== AIM OF THE TASK ==
Copy out exactly the lines below that run from the one holding "Slika 1. Shematski" to the one holding "Od pionirskih zahvata", keeping both of those lines and no others.

== RECORDS SUPPLIED ==
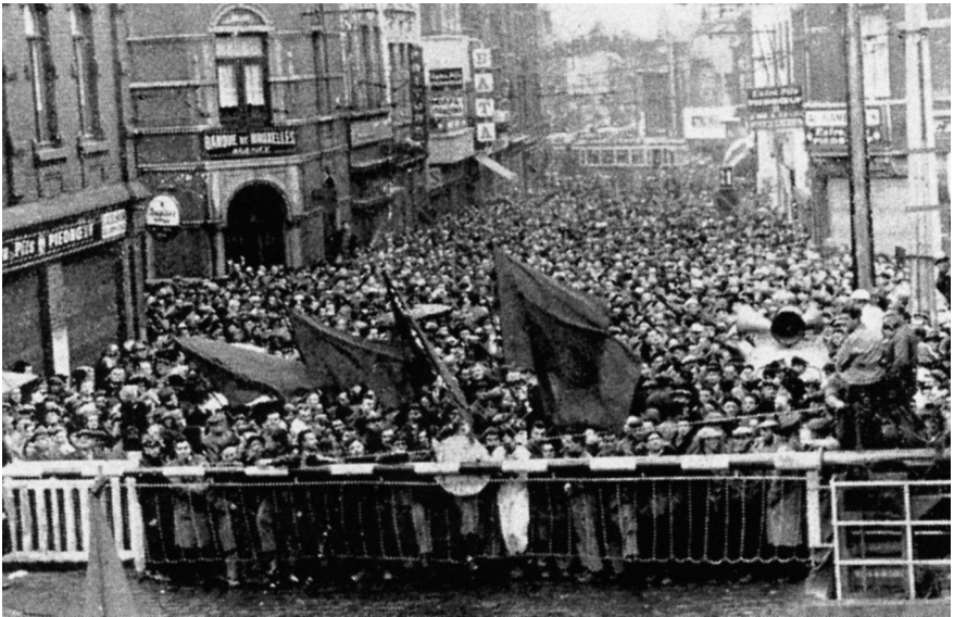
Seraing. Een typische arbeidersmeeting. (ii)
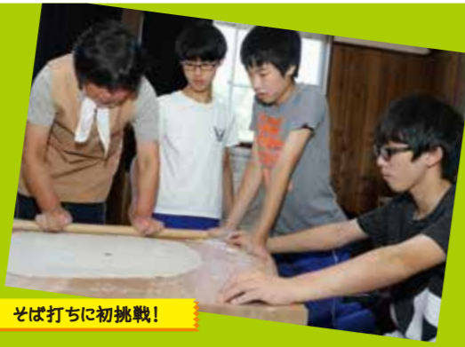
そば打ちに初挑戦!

--

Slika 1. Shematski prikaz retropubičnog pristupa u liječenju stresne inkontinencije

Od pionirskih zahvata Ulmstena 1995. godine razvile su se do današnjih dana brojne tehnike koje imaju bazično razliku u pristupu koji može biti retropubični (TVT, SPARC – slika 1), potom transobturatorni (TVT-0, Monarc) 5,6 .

== WRITTEN SOLUTION ==
Slika 1. Shematski prikaz retropubičnog pristupa u liječenju stresne inkontinencije

Od pionirskih zahvata Ulmstena 1995. godine razvile su se do današnjih dana brojne tehnike koje imaju bazično razliku u pristupu koji može biti retropubični (TVT, SPARC – slika 1), potom transobturatorni (TVT-0, Monarc) 5,6 .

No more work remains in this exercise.